Time Borrowed

“In recent months, Facebook has been quietly holding talks with at least half a dozen media companies about hosting their content inside Facebook rather than making users tap a link to go to an external site,” reports the New York Times. The writers add: “The Times and Facebook are moving closer to a firm deal.”

Posting journalism directly to Facebook will be great for those publishers who do it early. They will enjoy a set of small privileges that will express themselves in major ways: their stories will load faster than links to outside sites; their posts will merge more seamlessly into the addictive News Feed. Engagement, views, sharing, time spent — pick whatever metric makes you feel the best! — will increase.

A Facebook that treats native posts without favor will still inherently favor them because they are closer in form to the things that Facebook users share the most — and any link that would be widely shared on Facebook would be more widely shared if it weren’t a link to a website. Publishers early to accept Facebook’s proposition will enjoy an additional, larger advantage: For a short and glorious time, they alone will reap enormous the benefits of this heightened context.

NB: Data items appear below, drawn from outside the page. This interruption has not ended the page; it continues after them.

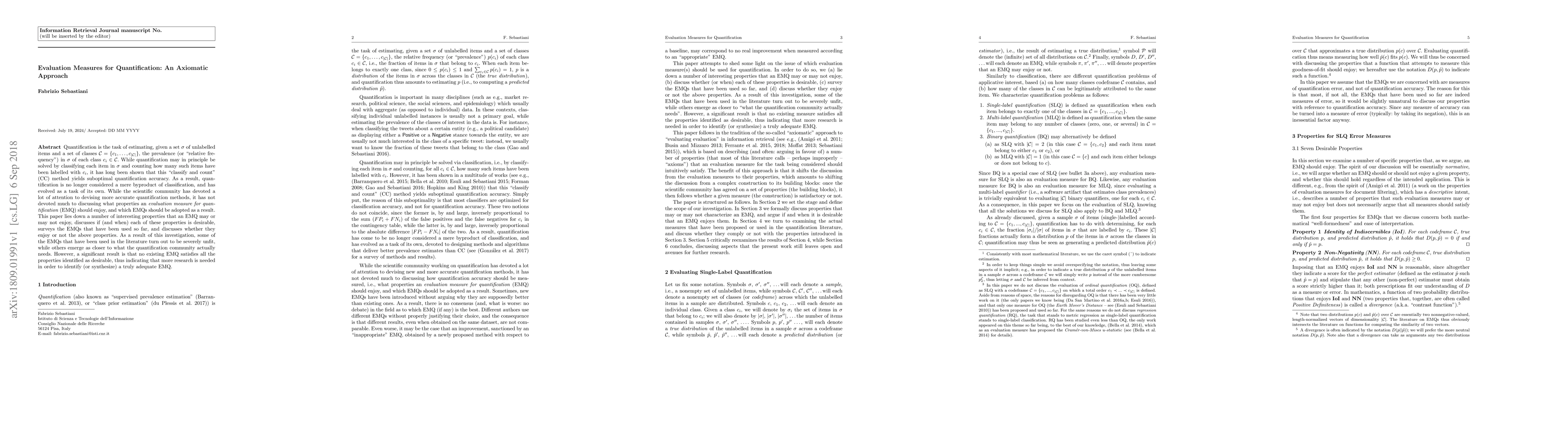 This paper investigates evaluation measures for quantification, a task that estimates class prevalence in unlabelled items, and finds no existing measure satisfies all desirable properties, highlighting the need for further research.
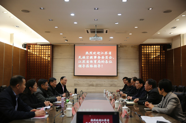 上午,江苏省民族宗教事务委员会、江苏省体育局领导到淮阴师范学院指导民族传统体育工作,淮阴师范学院副校长韩同友、淮安市民宗局、体育局领导和淮阴师范学院AB.COM领导参加会议。
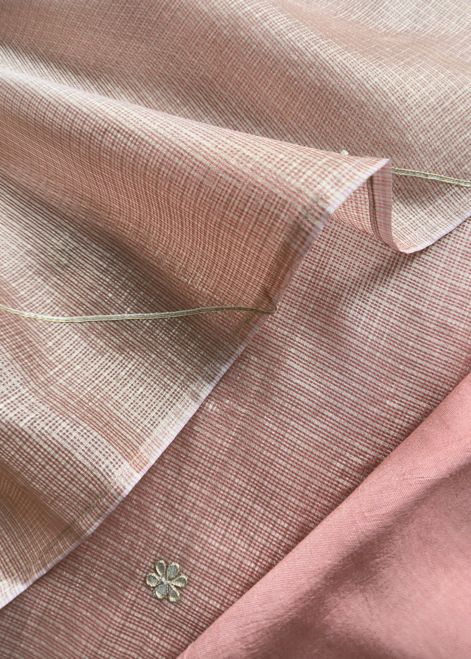 Peach Tissue Kota Unstitched Suit With Hand Sequins Work
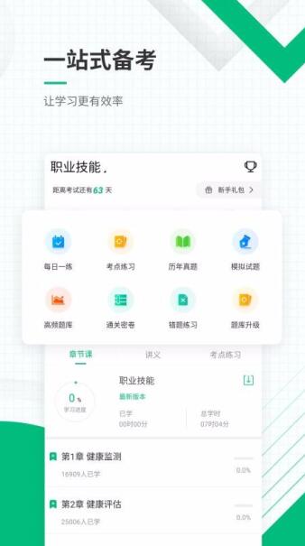 1、丰富的备考刷题模式,刷题页面提供模拟考试、通关密卷以及错题练习等模式。

Their presence in News Feed will seem slightly easier and more natural than the presence of their competitors, whose manipulative headlines — which have been carefully optimized to convince you to leave Facebook to go to another site — will read an awful lot like spam. By serving as shining examples to those on the outside, they will create additional pressure to come in, given the opportunity. Publishers who join later will enjoy a perpetually diminishing advantage, gaining access to an audience pursued by ever more publishers instead of a few. Eventually, publications that once competed with each other for Facebook’s audience from the outside will find themselves doing the same from the inside, using Facebook’s platform not just to reach their audiences but to turn those audiences into revenue.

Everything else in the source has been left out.